试图使用python从html代码中抓取数据

时间:2016-08-01 12:04:10

标签: python html web-scraping beautifulsoup

我一直在为一个网站制作一个网络刮板,我想使用.findall从一个html表中提取所有节点号或者可以工作的东西,但是我很难得到它,我经常遇到错误我是显然没有放入正确的标签。

任何人都可以提供帮助,html代码如下

</div>

<table class="dataTable" cellpadding="5" cellspacing="0" rules="all" border="1" id="ctl00_ContentPlaceHolder1_dgNodes" style="border-collapse:collapse;">
    <tr class="header noBreak">
        <td>&nbsp;</td><td><a href="javascript:__doPostBack('ctl00$ContentPlaceHolder1$dgNodes$ctl00$ctl00','')">Node Name</a></td><td><a href="javascript:__doPostBack('ctl00$ContentPlaceHolder1$dgNodes$ctl00$ctl01','')">Description</a></td><td><a href="javascript:__doPostBack('ctl00$ContentPlaceHolder1$dgNodes$ctl00$ctl02','')">MAC Address</a></td><td><a href="javascript:__doPostBack('ctl00$ContentPlaceHolder1$dgNodes$ctl00$ctl03','')"></a>
                <a href="javascript:__doPostBack('ctl00$ContentPlaceHolder1$dgNodes$ctl00$liNodeRoleHeader','')" id="ctl00_ContentPlaceHolder1_dgNodes_ctl00_liNodeRoleHeader">Node Role</a>
            </td><td><a href="javascript:__doPostBack('ctl00$ContentPlaceHolder1$dgNodes$ctl00$ctl04','')">Firmware</a></td><td>
                <a href="javascript:__doPostBack('ctl00$ContentPlaceHolder1$dgNodes$ctl00$lbUptimeHeader','')" id="ctl00_ContentPlaceHolder1_dgNodes_ctl00_lbUptimeHeader">Uptime</a>
            </td><td><a href="javascript:__doPostBack('ctl00$ContentPlaceHolder1$dgNodes$ctl00$ctl05','')">Users</a></td>
    </tr><tr onmouseover="this.className = 'highlightedRow';" onmouseout="this.className = 'normalRow';" onclick="GoToNodePage('522');" style="height:18px;">

我需要在最后一行代码中提取数字522以及所有其他getonodepage数字,但我无法弄清楚,任何帮助都表示赞赏。

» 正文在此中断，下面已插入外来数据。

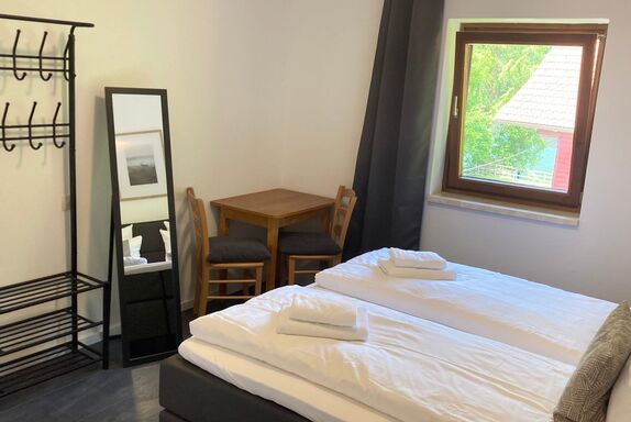 Entdecken Sie unser charmantes, geräumiges Apartment, das perfekt für einen unvergesslichen Urlaub gestaltet ist. Mit einem Schlafzimmer, das mit erstklassigen Hotel-Boxspringbetten ausgestattet ist, und einem gemütlichen Wohnzimmer, das ein Doppelschlafsofa bietet, ist dieses Apartment ideal, um nach einem erlebnisreichen Tag die nötige Ruhe zu finden. Außerdem ist der zauberhafte Ausblick auf die umliegende Natur vom Balkon aus ein wahres Highlight, das Ihren Aufenthalt unvergesslich macht. Innen erwartet Sie eine voll ausgestattete Küche mit allem, was Sie für den Alltag benötigen, einschließlich eines Geschirrspülers, Kühl-/Gefrierschranks, einer Induktionsherdplatte, einer Senseo-Maschine, eines Wasserkochers und einer Dunstabzugshaube. Das Wohn-/Esszimmer lädt mit seinem direkten Blick auf den See zu gemütlichen Stunden ein, während der Smart-TV und das kostenlose WLAN für Unterhaltung sorgen. Das Badezimmer ist mit einer ebenerdigen Dusche, einem Waschbecken und einer Toilette modern eingerichtet. Der Außenbereich des historischen Gebäudes bietet einen Balkon mit Möbeln für entspannte Stunden unter freiem Himmel. Gäste haben Zugang zu einem Garten zur gemeinschaftlichen Nutzung, was ideal ist, um die Sonne und die landschaftliche Schönheit der Umgebung zu genießen. Zudem sind eine Waschmaschine und ein Wäschetrockner zur gemeinschaftlichen Nutzung im Gebäude verfügbar, zusammen mit einem überdachten und abschließbaren Fahrradabstellplatz, was den Komfort während Ihres Aufenthaltes erhöht. Die direkte Umgebung des Apartments ist durch ihre einzigartige Lage direkt am Waldrand am Rand eines Berges, nur 10 Meter vom Strand und dem See entfernt, absolut beeindruckend. Für Aktivurlauber bietet die Umgebung alles von Wassersportmöglichkeiten bis hin zu Radwanderwegen direkt vor der Haustür. Die nächstgelegene Ortsmitte ist nur 900 Meter entfernt, wobei Lebensmittelhandel, Bushaltestelle und vieles mehr leicht erreichbar sind. Dieses Apartment ist der perfekte Ausgangspunkt für Abenteurer, Naturliebhaber und Erholungssuchende. Mit seinen komfortablen Betten, der hochwertigen Innenausstattung und der idyllischen Lage, die sowohl Ruhe als auch eine Vielzahl von Aktivitäten bietet, wird Ihr Urlaub hier sicherlich etwas ganz Besonderes. Egal, ob Sie die historische Umgebung erkunden oder einfach nur in der atemberaubenden Natur entspannen möchten – hier finden Sie alles, was Sie für einen unvergesslichen Urlaub benötigen. Basisinformationen - Erlaubte Haustiere: 1 - erlaubte Hundegröße: mittel (30 bis 60 cm) - Unterkunftstyp: Ferienwohnung - befindet sich in: Aparthotel - Art d. Gebäudes: Mehrparteienhaus - Etage, auf der sich das Objekt befindet: OG2 - Gesamtanzahl d. Stockwerke im Gebäude über EG: 2 - letzte umfassende Renovierung: 2022 - keine Einsicht von der Straße - Anbieter wohnt auf dem Grundstück - keine Jugendgruppen - Nichtraucherunterkunft - Schlafzimmeranzahl: 1 - Badezimmeranzahl: 1 Top Merkmale - WLAN - Klimaanlage: keine - Heizung: überall - Fußbodenheizung: keine - Balkon - Garten: zur gemeinschaftlichen Nutzung - komplett eingefriedet (mit Mauer, Zaun oder Hecke) - Private PKW-Stellplätze insgesamt für diese Unterkunft: 1 - ㄴ davon Garagenstellplätze: keinen - ㄴ davon Carport-Stellplätze: keinen - ㄴ davon private Außenstellplätze: 1 Schlafen im Wohnbereich - Schlafsofa 2 Personen Schlafzimmer 1 - Doppelbett (1,80m Breite) Badezimmer Badezimmer 1 - Dusche - Waschbecken - Toilette Wellness - Infrarot Sauna Kochen/Wohnen - Kaffeemaschine: Pads-Kaffeemaschine - Kühl-/Gefrierschrank: Gefrierfach, Tiefkühlschrank, Kühlschrank - Herd: Induktionsherd - Dunstabzugshaube - Mikrowelle - Wasserkocher - Spülmaschine - Geschirrtücher - Größe der Küche: 12 m² - Anzahl Esstische: 1 - Gesamtzahl Sitzplätze: 4 - Anzahl Wohnzimmer: 1 - Wohnzimmer abdunkelbar Entertainment - Fernseher: TV, Antenne/DVBT-TV, Sat.-TV - Smart-TV Für Kinder - Kinderstuhl Hauswirtschaft - Waschmaschine: zur gemeinschaftlichen Nutzung im Gebäude - Wäschetrockner: zur gemeinschaftlichen Nutzung im Gebäude - Wäscheständer - Bügeleisen - Reinigungsprodukte - Ventilator: keinen - Einzelne Öfen / Heizlüfter / Radiatoren - Rauchmelder Nachhaltigkeit - Abfallrecycling - Papierrecycling verfügbar - Kunststoffrecycling verfügbar - Wassersparende Geräte - Wassersparende Wasserhähne (überall) - Erneuerbare Energien - Solarenergie - Photovoltaikanlage - LED-Beleuchtung (überall) - Hausisolierung - Isoliertes Dach - Energiesparfenster Außenbereich - Outdoormöbel - Fischausnehmplatz - Fahrradabstellplatz überdacht und abschließbar Umgebung - Aussicht: Berg, Meer/See, Garten, Wald, Wiese, Tal - direkt am Waldrand - nächstgelegene Ortsmitte: 900 m - Lebensmittelhandel: 1,4 km - Bars/Clubs/Ausgehen: 20,0 km - Cafés/Restaurants: 200 m - Bahnhof: 15,0 km - Flughafen: 45,0 km - Autobahn: 10,0 km - Strand: 10 m - Grasstrand: 10 m - Wasser (Meer, See etc.): 10 m - See: 10 m - Fluss: 15,0 km - Wassersport: 4,2 km - Anlegeplatz: 30 m - Angelplatz: 10 m - Spielplatz: 500 m - Öffentliches Schwimmbad: 8,0 km - Golfplatz: 8,0 km - Fahrrad-Verleih: 500 m - Radwanderweg (touristisch): 5 m - Wanderweg: 10 m - Reitmöglichkeit: 1,2 km - Ski - Skiabfahrt: 8,5 km - Skischule: 8,0 km - Skilanglauf: 8,3 km - Skibus: 4,2 km - Berg-/Seilbahn: 13,0 km Besonderheiten - Anglerfreundlich - Historisches Gebäude

我还想将提取的数字放入以后使用的列表中。

r2 = s2.get(webpage)
bsobjswap = BeautifulSoup(r2.content)

listy = []
for link in bsobjswap.findall('tr'):
    if 'onclick' in link.attrs:
        listy.append(link)
print (listy)

错误是    对于bsobjswap.findall('tr')中的链接: TypeError:'NoneType'对象不可调用

1 个答案:

答案 0 :(得分:-1)

尝试这样的事情:

from bs4 import BeautifulSoup

xml = """<table class="dataTable" cellpadding="5" cellspacing="0" rules="all" border="1" id="ctl00_ContentPlaceHolder1_dgNodes" style="border-collapse:collapse;">
    <tr class="header noBreak">
        <td>&nbsp;</td><td><a href="javascript:__doPostBack('ctl00$ContentPlaceHolder1$dgNodes$ctl00$ctl00','')">Node Name</a></td><td><a href="javascript:__doPostBack('ctl00$ContentPlaceHolder1$dgNodes$ctl00$ctl01','')">Description</a></td><td><a href="javascript:__doPostBack('ctl00$ContentPlaceHolder1$dgNodes$ctl00$ctl02','')">MAC Address</a></td><td><a href="javascript:__doPostBack('ctl00$ContentPlaceHolder1$dgNodes$ctl00$ctl03','')"></a>
                <a href="javascript:__doPostBack('ctl00$ContentPlaceHolder1$dgNodes$ctl00$liNodeRoleHeader','')" id="ctl00_ContentPlaceHolder1_dgNodes_ctl00_liNodeRoleHeader">Node Role</a>
            </td><td><a href="javascript:__doPostBack('ctl00$ContentPlaceHolder1$dgNodes$ctl00$ctl04','')">Firmware</a></td><td>
                <a href="javascript:__doPostBack('ctl00$ContentPlaceHolder1$dgNodes$ctl00$lbUptimeHeader','')" id="ctl00_ContentPlaceHolder1_dgNodes_ctl00_lbUptimeHeader">Uptime</a>
            </td><td><a href="javascript:__doPostBack('ctl00$ContentPlaceHolder1$dgNodes$ctl00$ctl05','')">Users</a></td>
    </tr><tr onmouseover="this.className = 'highlightedRow';" onmouseout="this.className = 'normalRow';" onclick="GoToNodePage('522');" style="height:18px;">"""

soup = BeautifulSoup(xml)
print([i.get('onclick') for i in soup.findAll('tr', attrs={'onclick':True})])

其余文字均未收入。